Personal Income and Outlays (April 2013)
– Personal Income Month/Month 0.0%. Previous was +0.2%.
– Consumer Spending Month/Month -0.2%. Previous was +0.2%.
– PCE Price Index Month/Month -0.3%. Previous was -0.1%
– Core PCE price index Month/Month 0.0. Previous was +0.0%.
– Personal Income Year/Year 2.8%. Previous was +2.5%.
– Consumer Spending Year/Year +2.8%. Previous was +3.5%.
– PCE Price Index Year/Year +0.7%. Previous was +1.0%.
– Core PCE price index Year/Year +1.1%. Previous was +1.1%.
Inflation is well contained, Personal Income is flat but, most importantly, consumer spending was down. This correlated with yesterday’s revised GDP which showed real per capita disposable income lower. In fact, real per capita disposable income contracted during the quarter at an astonishing -9.03% annualized rate, taking it to a level below where it was two years ago.
The consumer drives the economy and with income flat and social security taking a larger bite out of everyone’s paycheck these is less for the consumer to spend. This will diminish GDP.
Chicago PMI (May 2013)
– Business Barometer Index -58.7. Previous was 49.0.
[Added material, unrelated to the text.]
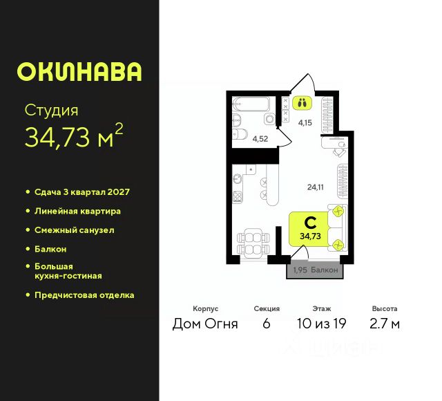 Продается 1-комн. квартира-студия с предчистовой отделкой в ЖК "Айвазовский City" на 10 этаже. Общая площадь: 29.48 кв.м., площадь гостиной 22.67 кв.м., из которых 5.59 кв.м. выделено под кухонную зону. Все окна выходят на одну сторону. В квартире один совмещенный санузел. Высота потолков 2.7 м. Дом монолитный, многоподъездный, высотой 24 этажа. Квартира находится во 2-й секции в корпусе ГП-13. На этаже 6 квартир. В подъезде 1 пассажирский и 1 грузовой лифт. Окончание строительства - 4 квартал 2027 года. Оформление сделки по договору долевого участия. Новый жилой район располагается в живописном месте на берегу Туры в центральной части города. Принципиально новое пространство для жизни в центре современного города для тех, чьи мечты сбываются, кто нацелен на постоянный рост, перемены к лучшему для себя и своих близких. Каждая деталь Айвазовский City вдохновляет и заряжает на новые свершения: авторская архитектура, сбалансированная продуманная инфраструктура, дизайнерские дворы со спортивными и детскими площадками, парковые зоны с фонтанами, водный канал, украшающий центральный прогулочный маршрут района и многое другое. В 2019 года проект стал лауреатом престижной премии Urban Awards 2019 в номинации "Лучший строящийся региональный жилой комплекс бизнес-класса". Главная особенность Айвазовский City - соседство разных архитектурных школ в рамках одного дома. Изысканная классика, выразительная эклектика и оригинальный модерн - жить в одном из таких домов настоящий повод для гордости. Айвазовский City это идеальное сочетание комфорта, технологий и развитой инфраструктуры. Вход в подъезд возможен с улицы и со двора. Отправляясь на работу или за покупками, жители могут выйти с внешней стороны дома, а для прогулки с ребенком со стороны двора. Экологически чистые материалы и энергосберегающие технологии, качественное освещение общественных зон, видеонаблюдение по всей территории жилого района (в том числе в подъездах, лифтах и в подземном паркинге), закрытые дворы с доступом только для жителей Айвазовский City. Часть домов в Айвазовский City будут оснащены подземным паркингом. Востребованный в нашем климатическом поясе формат хранения автомобилей защитит собственность владельца в любое время года. Аккредитация в банках: ОАО "Альфа-Банк", ПАО Банк "ВТБ", "Сбербанк России", ПАО "Газпромбанк", ПАО "Промсвязьбанк" и других. #2Mgw8w

This indicates a shift from minimal contraction (any reading <50) to expansion.
University of Michigan Consumer Sentiment (May 2013)
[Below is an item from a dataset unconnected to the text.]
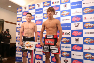 12月8日(日)東京・ニューピアホールで開催される『DEEP 123 IMPACT』の前日計量が7日に都内で行われ、メインイベント(第9試合)で対戦する現DEEPフェザー級王者・青井人(BLOWS)は66.20kg、元同級王者・芦田崇宏(BRAVE)は66.30kgで計量パスした(タイトルマッチおよびキャッチウェイト以外の階級制の試合は0.5kgの許容重量が認められる)。

– Sentiment Index 84.5. Previous was 84.7.
This is a survey about consumers’ attitude toward the economy and intent to spend. If this and the Personal Income/Outlay report are accurate then it could be the case that consumers feel better and want to spend but simply don’t have the disposable income to do so.
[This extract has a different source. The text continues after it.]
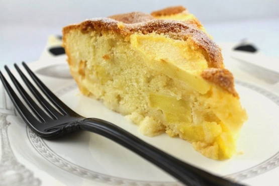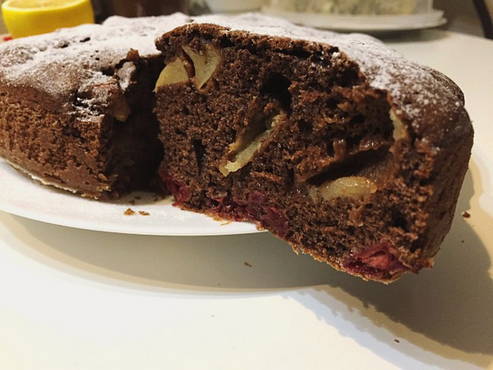 Charlotte mit Erdbeeren und Äpfeln

If one looks at the Federal Reserve’s report of the savings rate (http://research.stlouisfed.org/fred2/data/PSAVERT.txt) it is ugly. It has been under 2.5% every month this year. It had been over 3% every month from January 2008 to December 2012. It may be the case that consumers are responding to the increase in Social Security tax by spending their savings. This has longer term negative consequences.